*Data shown*.
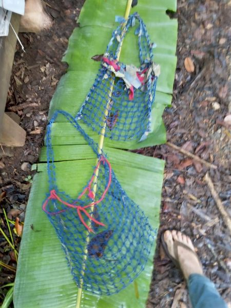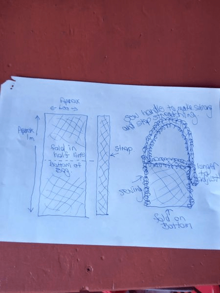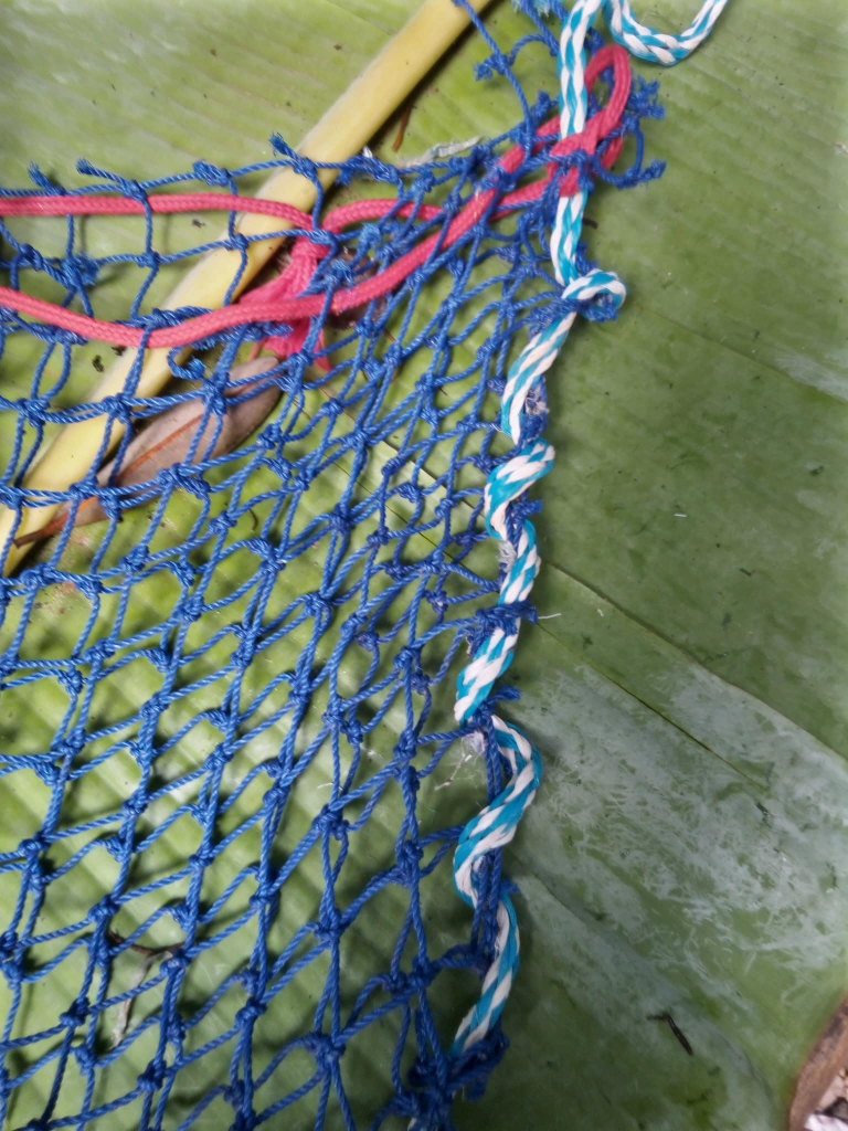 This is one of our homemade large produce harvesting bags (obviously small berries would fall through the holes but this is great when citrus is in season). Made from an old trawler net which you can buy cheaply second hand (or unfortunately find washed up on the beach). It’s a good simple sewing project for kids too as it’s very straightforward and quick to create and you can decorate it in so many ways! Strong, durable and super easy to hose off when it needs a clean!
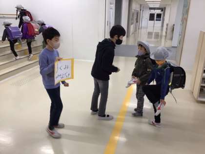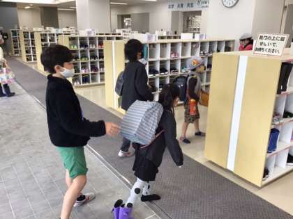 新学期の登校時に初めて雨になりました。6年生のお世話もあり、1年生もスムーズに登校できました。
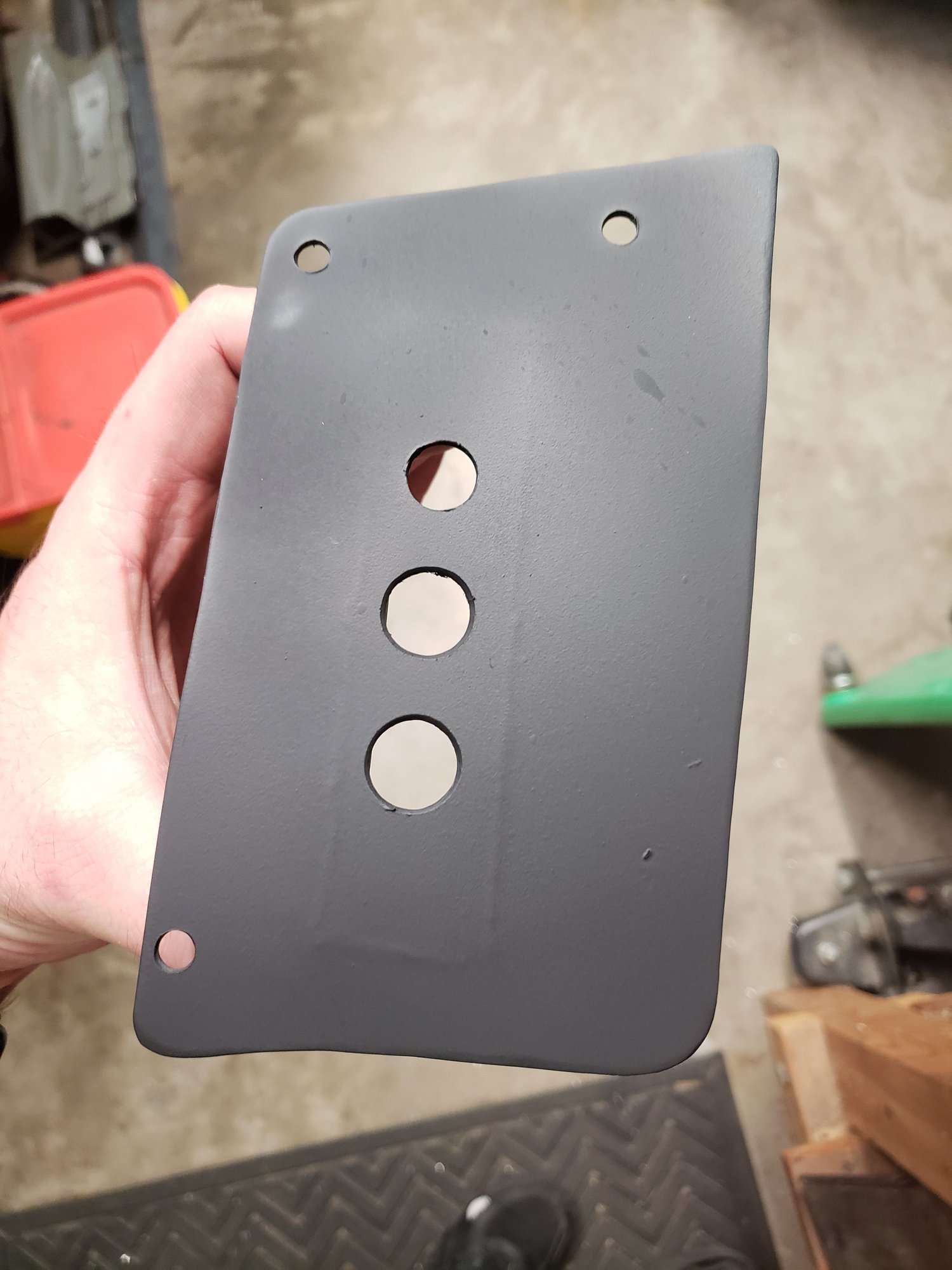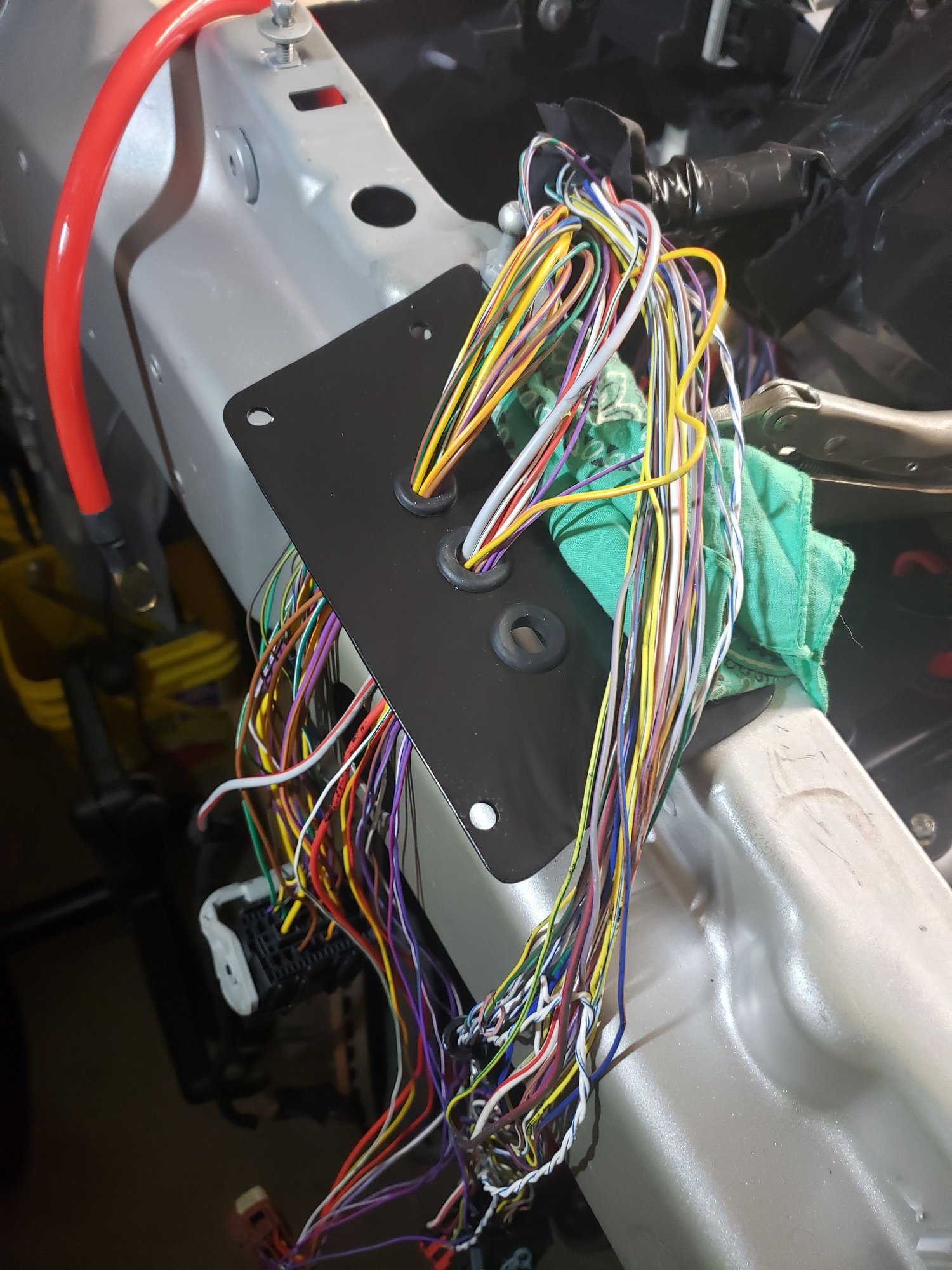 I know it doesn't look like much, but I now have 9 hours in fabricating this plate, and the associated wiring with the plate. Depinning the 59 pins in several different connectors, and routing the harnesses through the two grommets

*Problem*.
Transcribe the data word for word, with no images.

*Task result*.
 This is one of our homemade large produce harvesting bags (obviously small berries would fall through the holes but this is great when citrus is in season). Made from an old trawler net which you can buy cheaply second hand (or unfortunately find washed up on the beach). It’s a good simple sewing project for kids too as it’s very straightforward and quick to create and you can decorate it in so many ways! Strong, durable and super easy to hose off when it needs a clean!
 新学期の登校時に初めて雨になりました。6年生のお世話もあり、1年生もスムーズに登校できました。
 I know it doesn't look like much, but I now have 9 hours in fabricating this plate, and the associated wiring with the plate. Depinning the 59 pins in several different connectors, and routing the harnesses through the two grommets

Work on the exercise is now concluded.